Nosotros vamos a ser divinizados. Ya estamos divinizados porque por nosotros corre sangre divina.
“Somos hijos de Dios, nos llamamos hijos de Dios y lo somos”. Pero todavía en una realidad opaca, todavía
en una realidad no visible, no tangible, no perceptible, que se sabe por la fe. Allá la viviremos con los ojos
abiertos. Ya no nos manejaremos con la fe. Allá vamos a ver a Dios cara a cara, como dice la Escritura, y ahí
vamos a ver quiénes somos nosotros también.
Entonces, esta fiesta por antonomasia es la que explica y da como razón y sentido a la venida de
Cristo: Cristo vino a la tierra para hacerse hombre y para como hombre ascender a los cielos y divinizarnos a
nosotros. Esa es la síntesis de la Ascensión y por eso la alegría, por eso el gozo.

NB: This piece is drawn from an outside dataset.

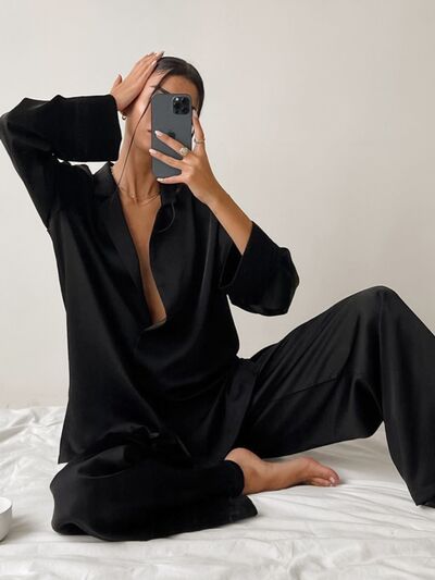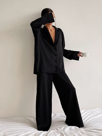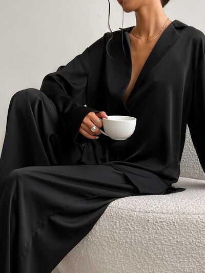 Long Sleeve Top and Wide Leg Pants Lounge Set

Por eso el dolor porque vino a la tierra y no sé gustar lo que es estar con un Dios, entre nosotros. Pero
nos despierta nostalgias del cielo porque nos dice “van a ir ustedes para allá también”.
Hermanos, que estas cosas dichas tartamudeando, las puedan ustedes traducir y llevarlas a sus vidas y
tener cada uno la certeza absoluta y total de ese “yo estaré con ustedes hasta el fin del mundo”. Que así sea,
en el nombre del Padre, del Hijo y del Espíritu Santo. Amén.